2. During matching, the dimension could be match if and only if,
   1. Both of them are equal, or
   2. One of the is equal to 1
3. The content is copied across that specific dimension when the array is broadcasted.

In [110]:
a = np.ones((2, 4, 3, 3))
b = np.ones((4, 3, 3))

_ = a + b  # Ok! Rule 1, b can match all if its dimensions to a from right to left

c = np.ones((4, 3, 1))
_ = a + c # Ok! Rule 2.2, dimension can be matched if they're equal or one of them is 1

d = np.ones((2, 4, 3))
_ = a + d # Error ! Rule 1, dimension is matched from the right to left

e = np.ones((2, 2, 3, 3))
_ = a + e # Error!
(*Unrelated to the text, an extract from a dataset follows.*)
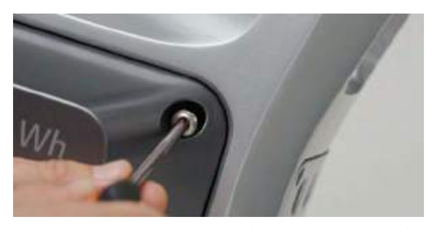
8. Reinstall the Battery Cover Bolts (T40). Torque spec 5ft-lbs (7Nm)

NOTE : The Battery Cover Bolts, Battery Retention Bolts, and their threaded holes in the frame are designed to be reused. Never use excessive force when initially threading the bolts as to avoid cross-threading. If using the provided T-Handle wrenches, tighten the bolts 1/8 of a turn past snug.

Rule 2, at the second dimension, the dimension is neither matched nor neither is 1

ValueError: operands could not be broadcast together with shapes (2,4,3,3) (2,2,3,3) 

In [2]:
import numpy as np
x = np.arange(12).reshape(3, 4)
offset = np.array([1, 0, 0, 1])
offset2 = np.array([1, 0, 1])

print(x + offset) # offset is copied to all the elements of x
print(x + offset2.reshape(3, 1)) # this line adds a new axis so that the shape of offset2 becomes (3, 1)
print(x + offset2[:, np.newaxis]) # Serve the same purpose than the previous line, but not neccessarily the same all the time. Please read the docs if you're interested
print(offset2.reshape(3, -1).shape)
print(x + offset2)


[[ 1  1  2  4]
 [ 5  5  6  8]
 [ 9  9 10 12]]
[[ 1  2  3  4]
 [ 4  5  6  7]
 [ 9 10 11 12]]
[[ 1  2  3  4]
 [ 4  5  6  7]
 [ 9 10 11 12]]
(3, 1)


ValueError: operands could not be broadcast together with shapes (3,4) (3,) 

# Conclusion

Numpy provides a wide variety functions to enable efficient scientific researches and engineering calculations. It keeps the simplicity of Python while allowing users to do complex computation tasks. It is a very important and useful tools if you want to dive deeper into the field of machine learnings. Even though you might use other libraries in the future, many of the functions in Numpy is transferable.